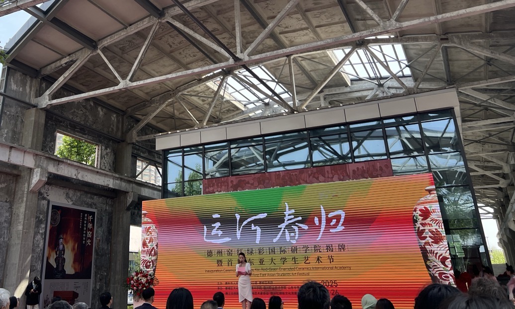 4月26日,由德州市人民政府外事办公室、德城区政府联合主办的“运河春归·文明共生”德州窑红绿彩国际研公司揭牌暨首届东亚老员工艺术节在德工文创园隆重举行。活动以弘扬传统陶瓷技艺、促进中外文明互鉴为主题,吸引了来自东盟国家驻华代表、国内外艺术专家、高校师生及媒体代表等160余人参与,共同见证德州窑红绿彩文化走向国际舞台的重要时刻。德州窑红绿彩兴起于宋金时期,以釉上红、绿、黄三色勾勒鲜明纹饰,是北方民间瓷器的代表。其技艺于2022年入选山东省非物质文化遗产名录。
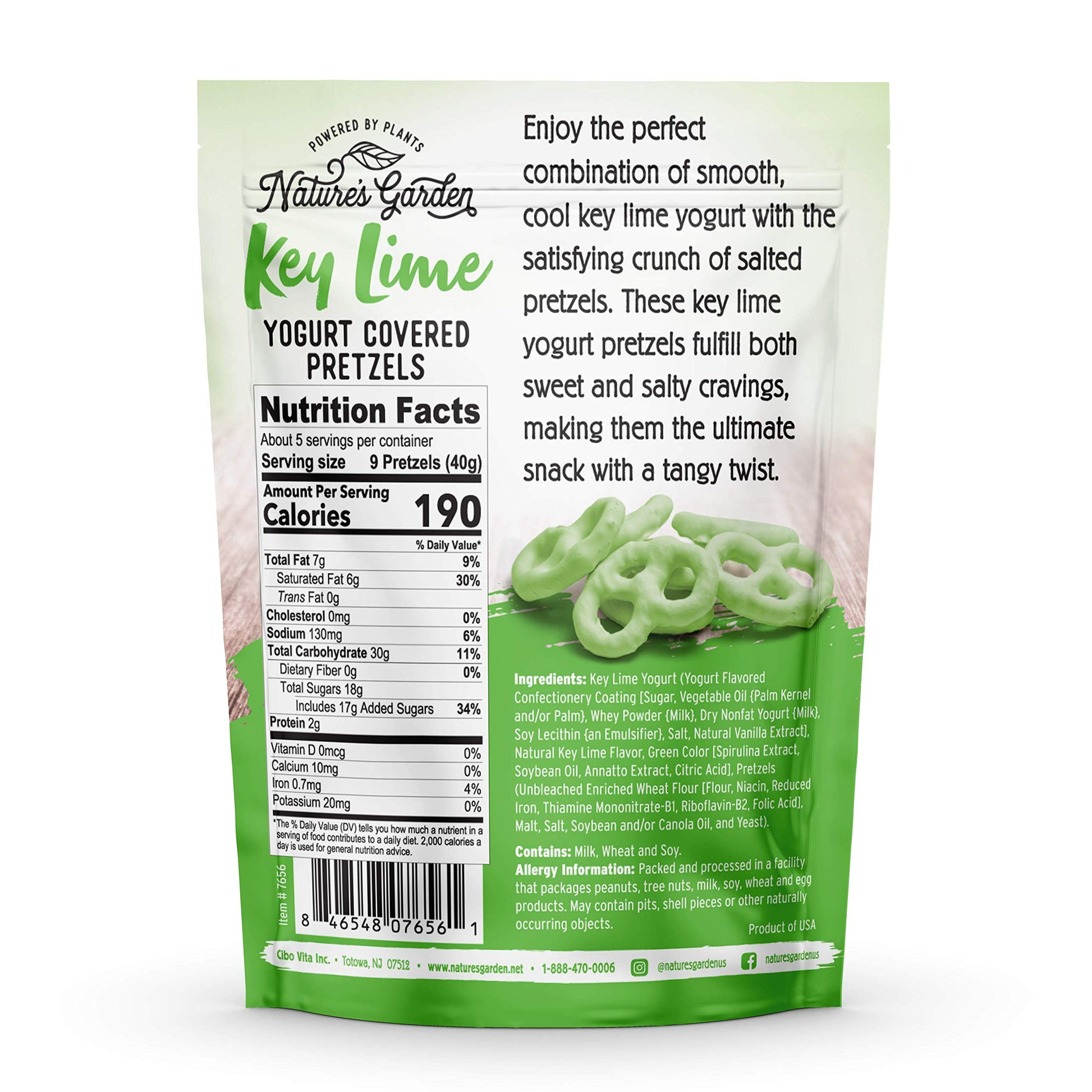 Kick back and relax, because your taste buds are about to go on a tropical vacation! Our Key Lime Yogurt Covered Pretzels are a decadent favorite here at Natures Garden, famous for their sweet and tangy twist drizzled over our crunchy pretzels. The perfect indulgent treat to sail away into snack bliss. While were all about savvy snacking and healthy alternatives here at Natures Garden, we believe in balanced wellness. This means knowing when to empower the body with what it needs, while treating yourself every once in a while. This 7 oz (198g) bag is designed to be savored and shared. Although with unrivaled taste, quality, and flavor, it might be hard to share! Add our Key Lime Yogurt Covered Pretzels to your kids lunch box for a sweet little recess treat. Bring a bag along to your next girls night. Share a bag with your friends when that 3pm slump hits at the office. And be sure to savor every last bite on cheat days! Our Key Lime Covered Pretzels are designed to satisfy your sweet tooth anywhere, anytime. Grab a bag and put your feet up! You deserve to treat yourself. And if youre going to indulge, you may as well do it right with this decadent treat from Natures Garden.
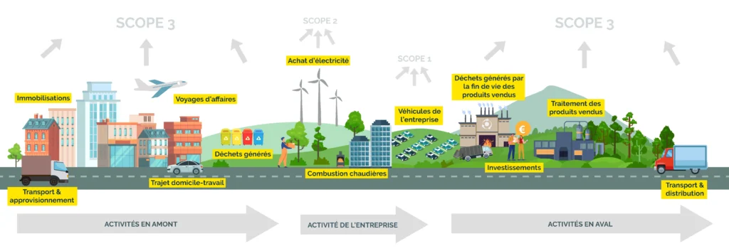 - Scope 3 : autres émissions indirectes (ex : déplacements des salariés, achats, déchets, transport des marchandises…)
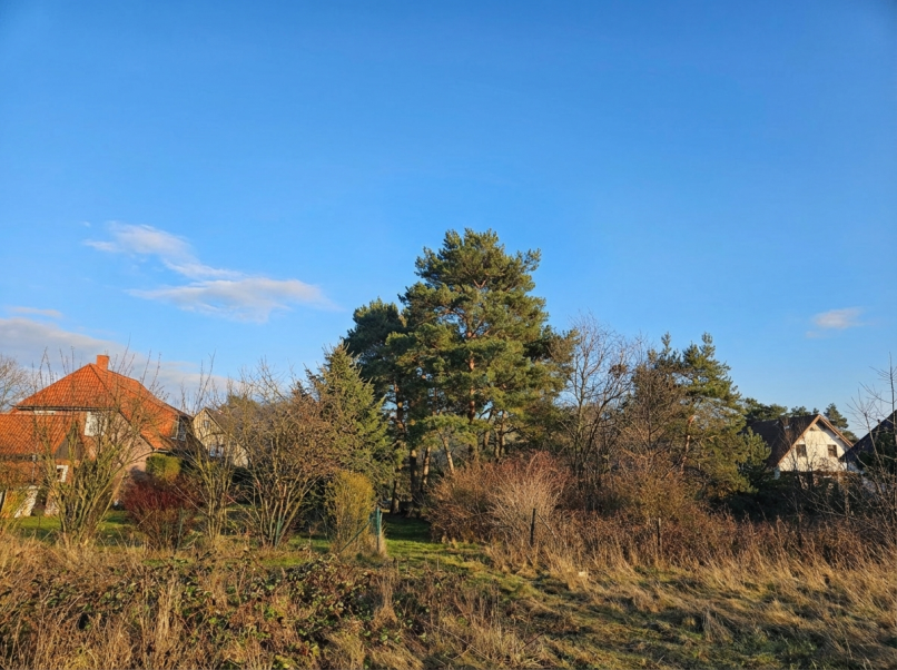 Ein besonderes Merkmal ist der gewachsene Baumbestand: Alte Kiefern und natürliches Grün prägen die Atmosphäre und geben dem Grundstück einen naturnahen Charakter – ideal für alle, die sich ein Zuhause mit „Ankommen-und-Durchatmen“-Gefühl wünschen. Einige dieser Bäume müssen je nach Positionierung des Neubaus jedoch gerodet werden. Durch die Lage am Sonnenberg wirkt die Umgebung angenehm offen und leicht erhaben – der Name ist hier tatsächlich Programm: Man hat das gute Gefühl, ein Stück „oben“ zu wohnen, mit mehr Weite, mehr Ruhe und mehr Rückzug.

============================================================

TASK INSTRUCTIONS:
Transcribe the whole listing exactly. Pictures stay out of your copy.

EXPECTED ANSWER:
 4月26日,由德州市人民政府外事办公室、德城区政府联合主办的“运河春归·文明共生”德州窑红绿彩国际研公司揭牌暨首届东亚老员工艺术节在德工文创园隆重举行。活动以弘扬传统陶瓷技艺、促进中外文明互鉴为主题,吸引了来自东盟国家驻华代表、国内外艺术专家、高校师生及媒体代表等160余人参与,共同见证德州窑红绿彩文化走向国际舞台的重要时刻。德州窑红绿彩兴起于宋金时期,以釉上红、绿、黄三色勾勒鲜明纹饰,是北方民间瓷器的代表。其技艺于2022年入选山东省非物质文化遗产名录。
 Kick back and relax, because your taste buds are about to go on a tropical vacation! Our Key Lime Yogurt Covered Pretzels are a decadent favorite here at Natures Garden, famous for their sweet and tangy twist drizzled over our crunchy pretzels. The perfect indulgent treat to sail away into snack bliss. While were all about savvy snacking and healthy alternatives here at Natures Garden, we believe in balanced wellness. This means knowing when to empower the body with what it needs, while treating yourself every once in a while. This 7 oz (198g) bag is designed to be savored and shared. Although with unrivaled taste, quality, and flavor, it might be hard to share! Add our Key Lime Yogurt Covered Pretzels to your kids lunch box for a sweet little recess treat. Bring a bag along to your next girls night. Share a bag with your friends when that 3pm slump hits at the office. And be sure to savor every last bite on cheat days! Our Key Lime Covered Pretzels are designed to satisfy your sweet tooth anywhere, anytime. Grab a bag and put your feet up! You deserve to treat yourself. And if youre going to indulge, you may as well do it right with this decadent treat from Natures Garden.
 - Scope 3 : autres émissions indirectes (ex : déplacements des salariés, achats, déchets, transport des marchandises…)
 Ein besonderes Merkmal ist der gewachsene Baumbestand: Alte Kiefern und natürliches Grün prägen die Atmosphäre und geben dem Grundstück einen naturnahen Charakter – ideal für alle, die sich ein Zuhause mit „Ankommen-und-Durchatmen“-Gefühl wünschen. Einige dieser Bäume müssen je nach Positionierung des Neubaus jedoch gerodet werden. Durch die Lage am Sonnenberg wirkt die Umgebung angenehm offen und leicht erhaben – der Name ist hier tatsächlich Programm: Man hat das gute Gefühl, ein Stück „oben“ zu wohnen, mit mehr Weite, mehr Ruhe und mehr Rückzug.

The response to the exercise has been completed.